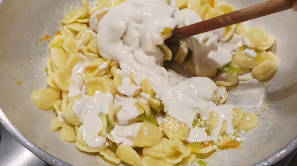 Op dit punt hebt u al de orecchiette gekookt, giet ze af en laat een beetje water over en doe ze in de hete olie.
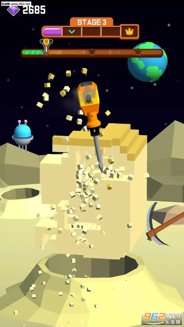 4、升级提升效率:收集相应材料升级机器,激发其最高工作效率。通过出售资源解锁更高级工具,如电动钻头、爆破装备等,让挖掘速度大幅提升。
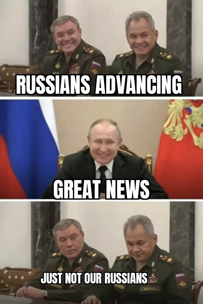 Maar het schetst bij mij niet het beeld dat het allemaal rooskleurig gaat voor ze hoor. Behalve bij het Kherson offensief. Maar dat ging dan ook heerlijk.
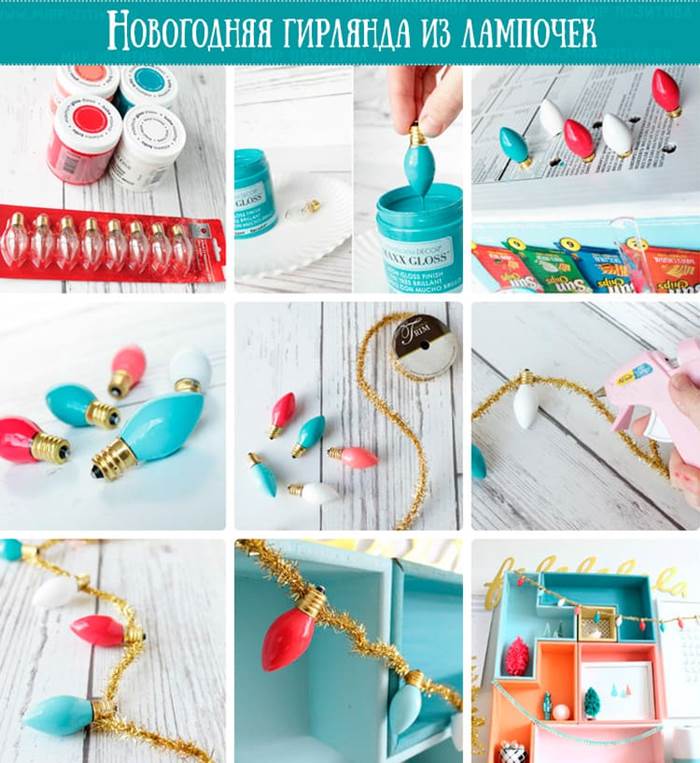 Сделать такую стильную гирлянду совсем не сложно, зато результат превзойдет все ожидания. Подготовим лампочки продолговатой формы, синельную проволоку или ленту, глянцевую краску и клей-пистолет. Поочередно окунаем лампочки в банку с краской. Их стоит погружать очень осторожно, чтобы случайно не покрасить цоколь. Оставляем лампочки сушиться. Для удобства можно сделать отверстия в ненужной коробке и поместить их туда. Когда заготовки полностью просохли, приклеиваем их к длинной ленте. Новогодняя декорация готова!
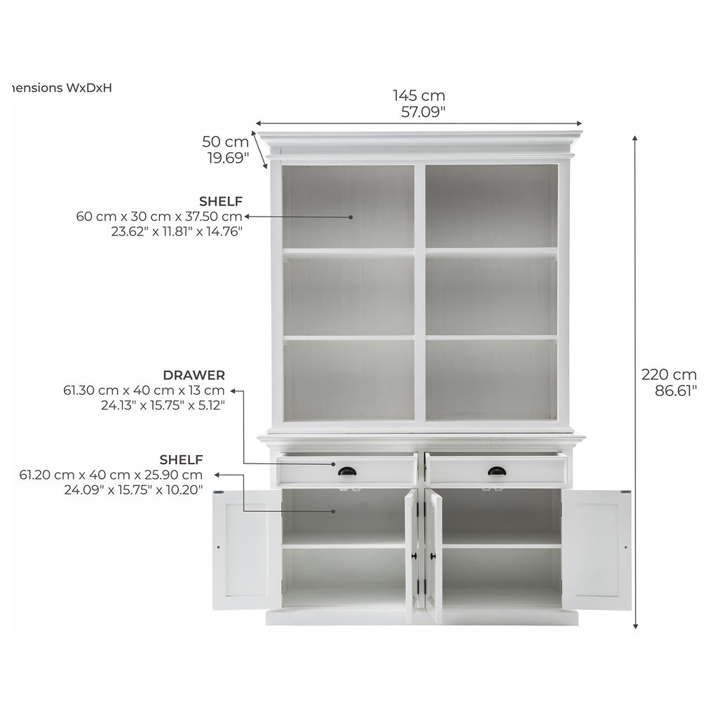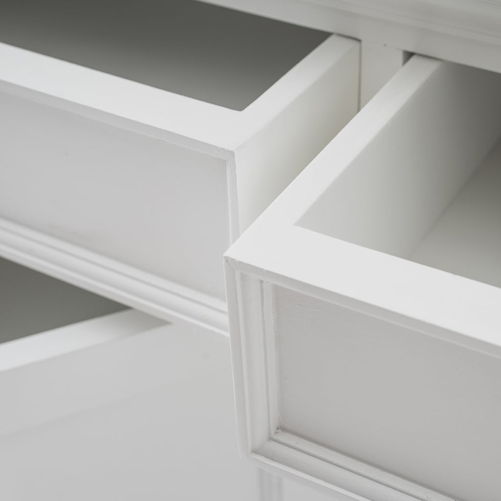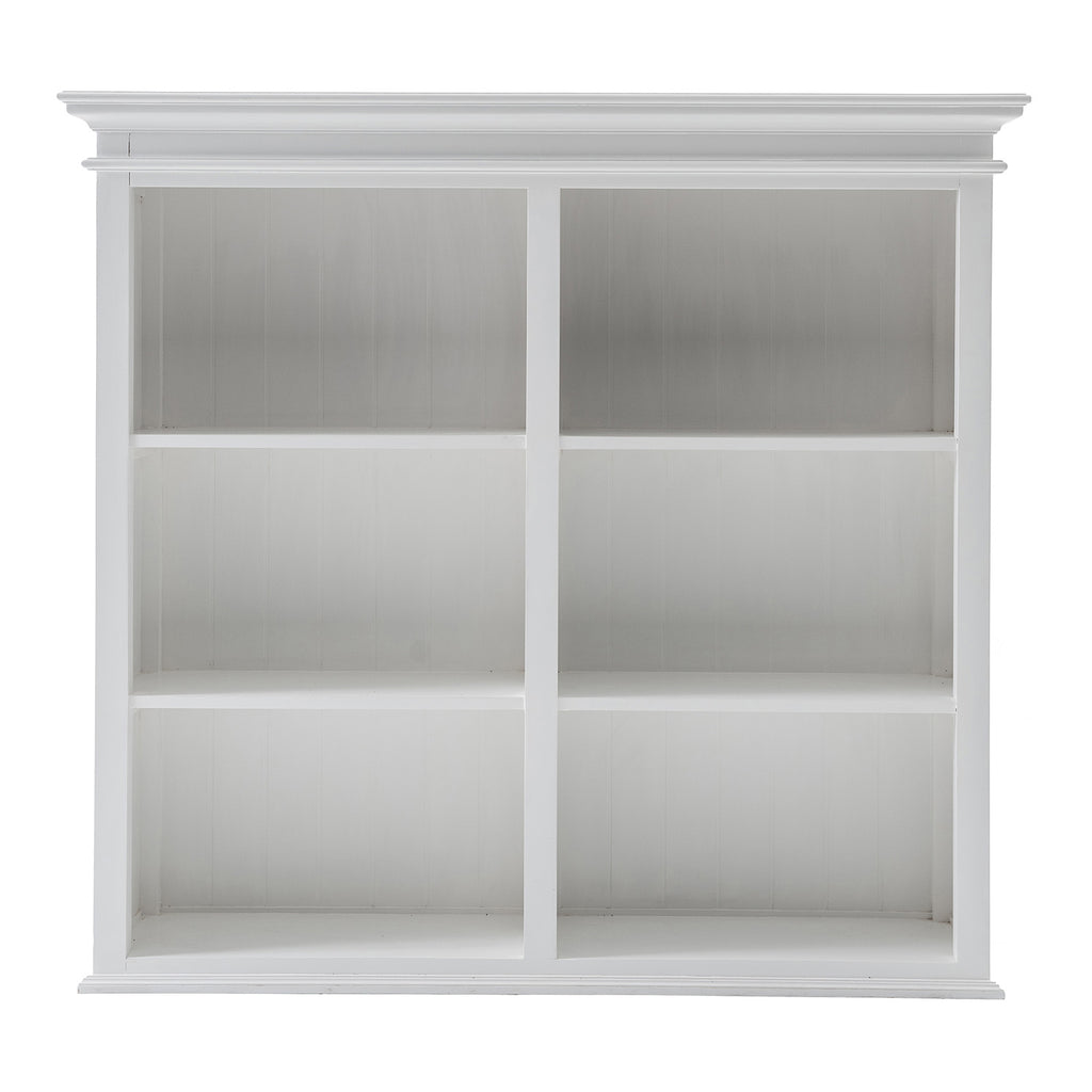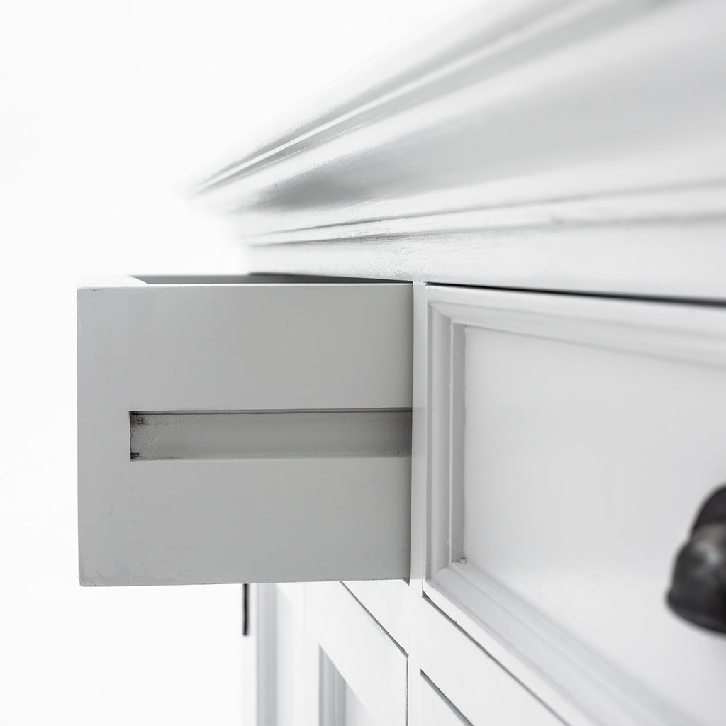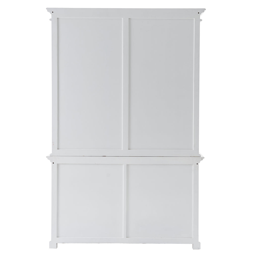 Beckton combines the quaint charm of the French Countryside with the coastal flair of the Eastern Seaboard to form a comprehensive range befitting the dining area, living space or bedroom. Detailed profiling on each piece, together with the warm finishing and antique brass hardware, provides a classic collection for the contemporary home. This generously proportioned and versatile hutch unit can find its home in your living room or bedroom. Two separate components working together to create ideal storage. The base unit, with its combination of drawers and deep shelving, can be home to personal items or linens. The upper shelving unit features detailed beadboard wainscotting, that acts as an attractive backdrop for books or collectibles.
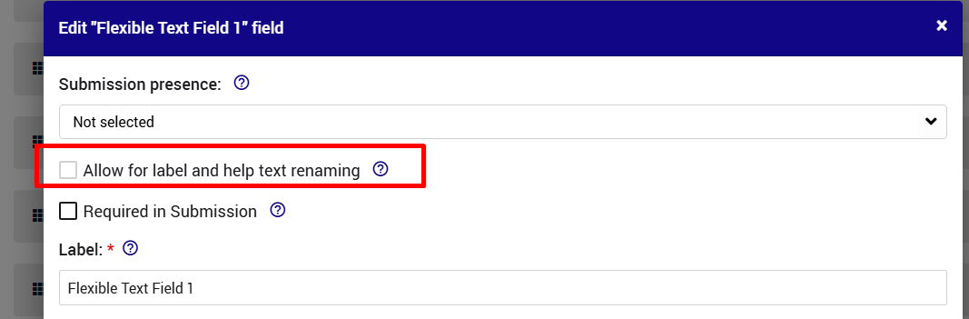 This flexibility extends to fields of types such as Text, Number, Date, File, Link, Static Text and User. - Click the box for "Allow for label and help text renaming."
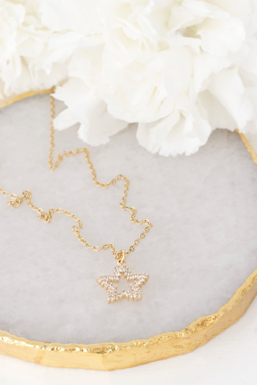 Material: Kettchen aus echt vergoldetem Edelstahl, Sterne aus echt vergoldetem Messing mit Zirkoniasteinen.
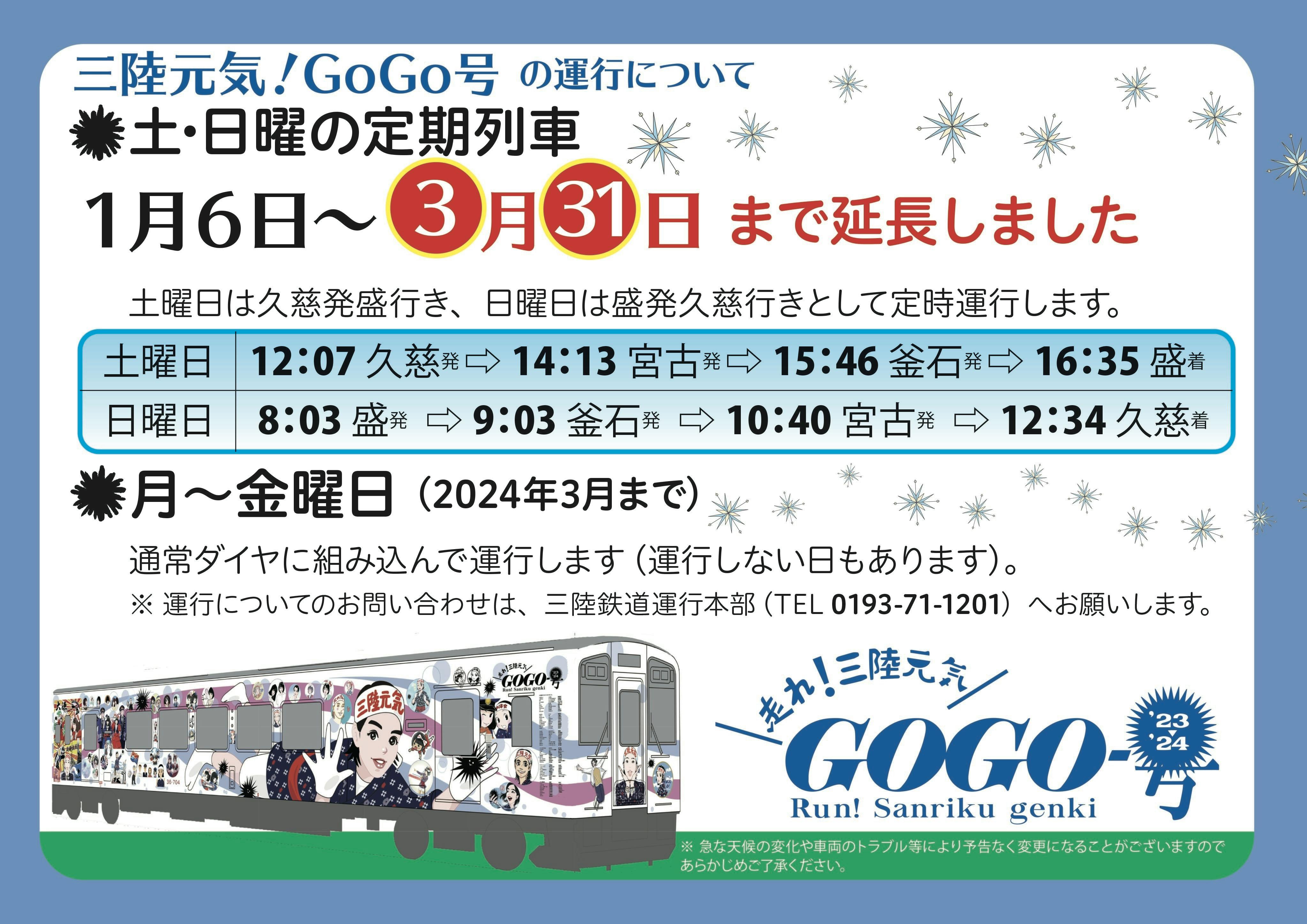 皆様。ご無沙汰しております。まなびやマニー(今西穂高)です。三陸元気!GoGo号は本日の大晦日も元気に三陸沿岸(盛駅から久慈駅までの163㎞)を走りました。今日もGoGo号に乗車された方や鉄道写真家の方が投稿写真をアップしておられます。また秋には宮古駅と久慈駅で開催されたさんてつ祭りでもGoGo号を構内展示会や体験乗車会のイベントにご利用頂きました。ここまでこられたのはひとえに皆様及び三陸鉄道様のお陰です。大変ありがとうございます。2023年4月8日の出発式からあっという間に月日が過ぎ、残り3か月となりました。そしてつい先日まで1月以降の定期運行は予定がなかったのですが、三陸鉄道様の取り計らいで、なんと3月31日まで土曜日曜は固定ダイヤが延長となりました!

··········

**Exercise instructions**
The answer is to be the lines of the listing from the first through the one with "Maar het schetst", reproduced exactly, without any pictures.

**Answer for the task**
 Op dit punt hebt u al de orecchiette gekookt, giet ze af en laat een beetje water over en doe ze in de hete olie.
 4、升级提升效率:收集相应材料升级机器,激发其最高工作效率。通过出售资源解锁更高级工具,如电动钻头、爆破装备等,让挖掘速度大幅提升。
 Maar het schetst bij mij niet het beeld dat het allemaal rooskleurig gaat voor ze hoor. Behalve bij het Kherson offensief. Maar dat ging dan ook heerlijk.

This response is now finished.